Les marchés actions devraient ainsi bénéficier d'un rétablissement de la situation économique et de cours encore historiquement bas (en France en tout cas), mais aussi et surtout de flux de capitaux qui cherchent à se réinvestir hors des titres de dette. Comme on l'a vu et expliqué dans ce post de blog, les rendements des actions et des obligations varient maintenant en sens inverse, alors qu'ils suivaient des évolutions parallèles dans les années 1990. Attention cependant aux titres des banques, qui pourraient souffrir de mesures populistes de l'Etat à leur encontre.

Une nouvelle envolée des cours du pétrole n'est pas non plus à exclure. Tout d'abord, le prix du pétrole a retrouvé un niveau plutôt faible, à environ 70 dollars le baril, alors qu'il avait dépassé les 140 dollars le baril il y a seulement 18 mois. Ensuite, un investissement en pétrole est bullish sur la croissance mondiale, notamment celle des pays émergents. Or Goldman Sachs prévoit une croissance de la Chine à plus de 10% en 2010. Un investissement en pétrole est également une bonne couverture contre l'inflation et un effondrement possible du dollar. Enfin, le cours du pétrole augmenterait dans le cas de tensions renaissantes au Moyen-Orient, ce qui est fort probable du fait du problème iranien.
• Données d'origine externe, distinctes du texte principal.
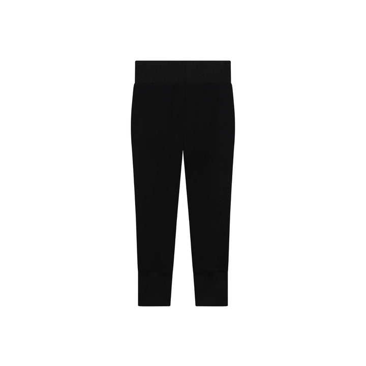 Black logo leggings for girls by Karl Lagerfeld. Made from soft viscose, it features the brands logo print in white on one leg. An elasticated waistband for comfortable fit.

Attention cependant aux actions des compagnies pétrolières, lesquelles pourraient faire les frais d'une "taxe d'aubaine" (windfall tax) supplémentaire en cas de flambée du cours du pétrole. En revanche, les compagnies énergétiques devraient bénéficier du renchérissement de l'énergie. Nous reviendrons sur ce thème très prochainement.
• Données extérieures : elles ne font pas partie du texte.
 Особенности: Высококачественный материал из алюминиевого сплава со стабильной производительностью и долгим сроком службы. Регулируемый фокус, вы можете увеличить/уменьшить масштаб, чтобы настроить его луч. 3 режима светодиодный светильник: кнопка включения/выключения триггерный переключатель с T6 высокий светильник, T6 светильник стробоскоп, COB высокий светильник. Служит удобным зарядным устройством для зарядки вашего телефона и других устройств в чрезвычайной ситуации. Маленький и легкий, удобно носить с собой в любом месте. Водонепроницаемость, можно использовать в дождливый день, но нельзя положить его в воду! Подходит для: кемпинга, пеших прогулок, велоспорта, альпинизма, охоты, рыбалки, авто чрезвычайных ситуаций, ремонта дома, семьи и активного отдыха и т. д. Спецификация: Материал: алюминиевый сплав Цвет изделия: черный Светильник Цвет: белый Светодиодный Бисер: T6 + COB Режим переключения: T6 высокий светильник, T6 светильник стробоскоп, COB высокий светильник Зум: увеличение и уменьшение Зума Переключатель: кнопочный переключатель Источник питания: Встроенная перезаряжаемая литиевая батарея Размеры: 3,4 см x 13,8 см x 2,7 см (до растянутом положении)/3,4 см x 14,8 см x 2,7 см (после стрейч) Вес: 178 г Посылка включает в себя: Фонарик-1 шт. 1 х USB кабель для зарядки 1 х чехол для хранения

Concernant les taux de change des devises, le dollar américain et la livre sterling sont toujours vulnérables aux effets du quantitative easing (imprimer de la monnaie pour financer le déficit public) entrepris respectivement par la Fed et la Bank of England. Quant à lui, l'euro est vulnérable du fait de la Grèce, et d'autres membres tels l'Irlande, l'Italie, et l'Espagne, qui pourraient avoir prochainement des difficultés à (re)financer leur dette publique toujours croissante. De deux choses l'une. Soit la Grèce sera sauvée par ses voisins. Cela nécessiterait la création monétaire ou l'aggravation des déficits publics des pays sauveteurs, sans compter que cela encouragerait aux dépenses publiques toujours plus extravagantes et à l'irresponsabilité budgétaire dans la zone euro. L'euro s'en trouverait affaiblit. Soit la Grèce n'est pas secourue. Dans un tel cas, la peur de la contagion et la prise de conscience des investisseurs leur feraient fuir l'euro et liquider leurs titres de dette publique des pays de la zone euro. De plus, on craindrait un éclatement de la zone euro. Dans ce cas également, l'euro s'en trouverait affaibli.

Les devises à privilégier en 2010 sont celles des pays économiquement et politiquement stables qui font également preuve de prudence dans la gestion de leurs finances publiques. On pense au franc suisse, au dollar canadien et au dollar australien.  

Pour résumer, il semble adéquat de liquider les positions en dette publique, et d'investir en actions voire en investissements alternatifs à la place.